Der Berufsverband der Kinder- und Jugendärzte (BVKJ), die Deutsche Diabetes Gesellschaft (DDG) und die Verbraucherorganisation foodwatch rufen Ärztinnen und Ärzte auf, einen Offenen Brief an die Bundesregierung sowie an die Parteivorsitzenden für eine effektive Prävention nichtübertragbarer chronischer Krankheiten zu unterzeichnen. Machen Sie mit. Jede Unterschrift zählt.

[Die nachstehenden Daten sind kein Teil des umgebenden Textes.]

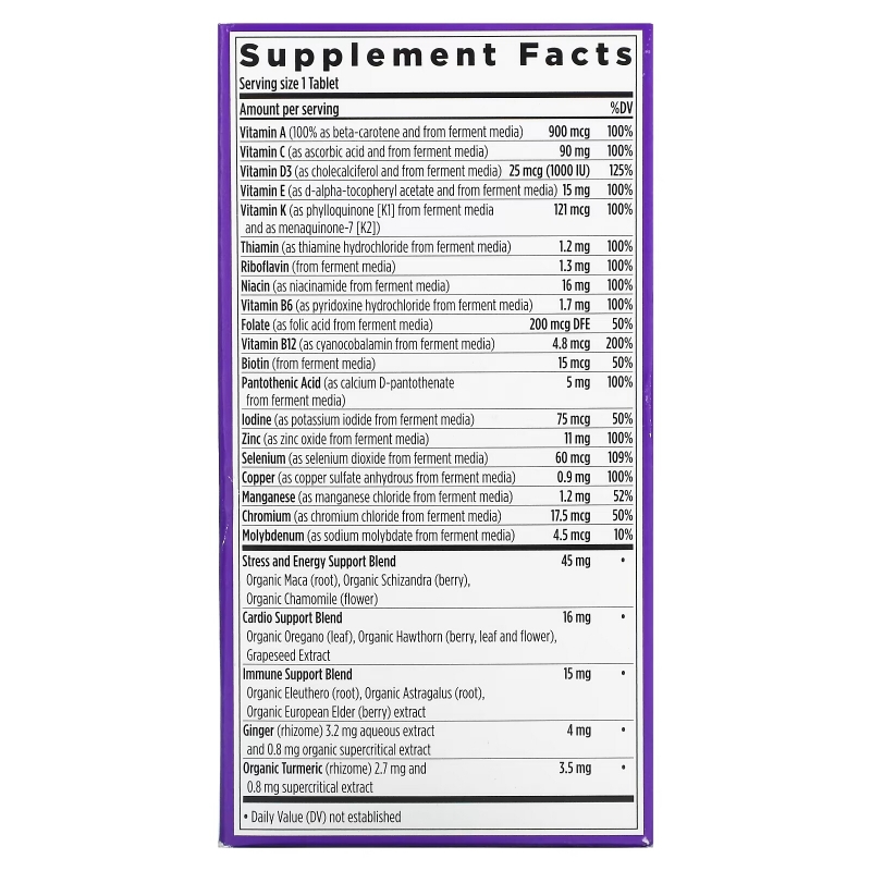 * Суточная доза не определена. ‡ Литотамнион: (L. calcareum и L. corallioides) Питательные вещества и травы культивируют в органических средах, которые могут содержать: органическую молотую сою, Saccharomyces cerevisiae (органические дрожжи: активные и неактивные), органический мальтодекстрин, органическую аравийскую камедь, органическую апельсиновую кожуру, органическую кожуру лимона, органический морковный порошок, органический порошок люцерны , Органическая меласса, Lactobacilli (L. acidophilus, L. bifidus, L. rhamnosus) и ферменты (дезактивированные). |
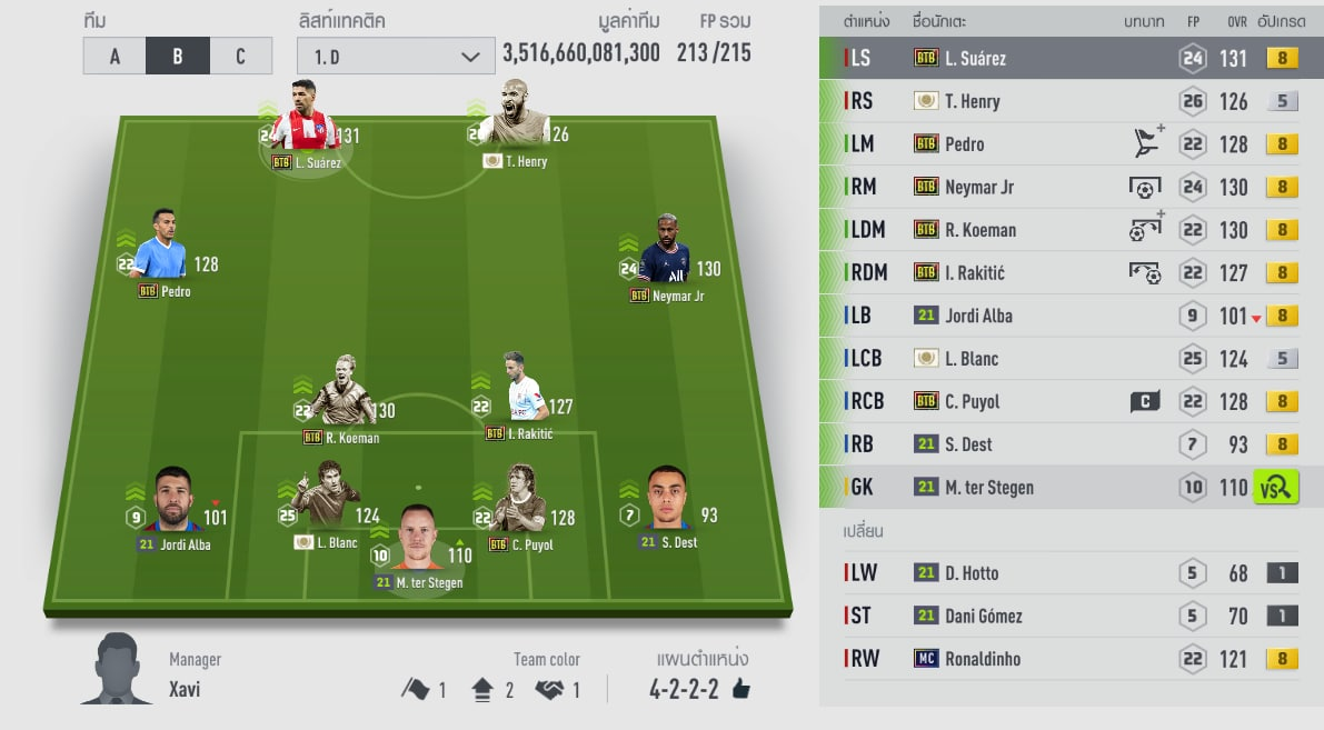 Đây là đội hình khá lạ lùng với đa phần các cule, bởi không Messi. Hai nhân tố đá cánh của 4222 là Pedro và Neymar, hai cầu thủ này quẩy rất nhiệt và có khả năng xuyên phá cánh cực tốt, đặc biệt là hai chân đều 5/5

Die Weltgesundheitsorganisation und internationale Fachgesellschaften hätten schon lange erkannt, dass sich die wirtschaftlichen und gesellschaftlichen Rahmenbedingungen ändern müssten, um Fehlernährung wirksam zu bekämpfen, erklärten die Organisationen. In dem gemeinsamen Appell, den sich die Ärztinnen und Ärzte unter www.aerzte-gegen-fehlernaehrung.de anschließen können, fordern die Autoren von der Bundespolitik vier konkrete Maßnahmen: eine verständliche Lebensmittelkennzeichnung in Form einer Nährwert-Ampel, verbindliche Standards für die Schul- und Kitaverpflegung, Beschränkungen der an Kinder gerichteten Lebensmittelwerbung sowie steuerliche Anreize für die Lebensmittelindustrie, gesündere Rezepturen zu entwickeln.  

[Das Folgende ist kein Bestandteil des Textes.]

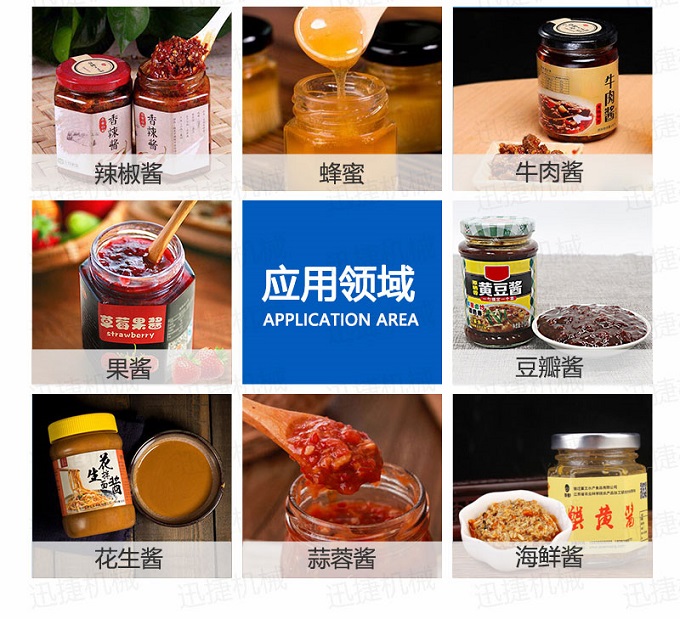 辣椒醬灌裝機采用活塞式灌裝原理,適用于調(diào)味品中帶顆粒并且濃度較大的辣椒醬、豆瓣醬、花生醬、香菇醬、果醬、牛油火鍋底料、紅油火鍋底料、蝦醬等較為粘稠醬類的灌裝。
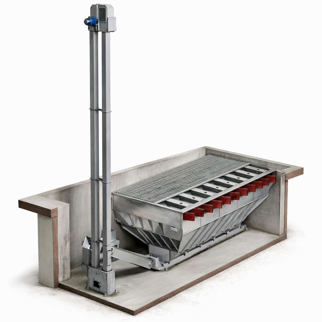 Le fond de la fosse est incliné pour faciliter l'évacuation des céréales vers le système de manutention suivant. Ce système réduit les risques de blocage ou d'encombrement et optimise le flux de matériaux.

„In Sachen Prävention ist Deutschland noch immer ein Entwicklungsland. Während zahlreiche andere Staaten in Europa im Kampf gegen Fehlernährung bei Kindern- und Jugendlichen die Lebensmittelwirtschaft in die Pflicht nehmen, setzt die Bundesregierung weiterhin auf freiwillige Vereinbarungen mit der Industrie und auf Programme für Ernährungsbildung. Das ist ein Skandal. Es ist dringend an der Zeit, dass die Politik die Kindergesundheit besser schützt“, erklärte Dr. med. Thomas Fischbach, Präsident des Berufsverbandes der Kinder- und Jugendärzte (BVKJ). 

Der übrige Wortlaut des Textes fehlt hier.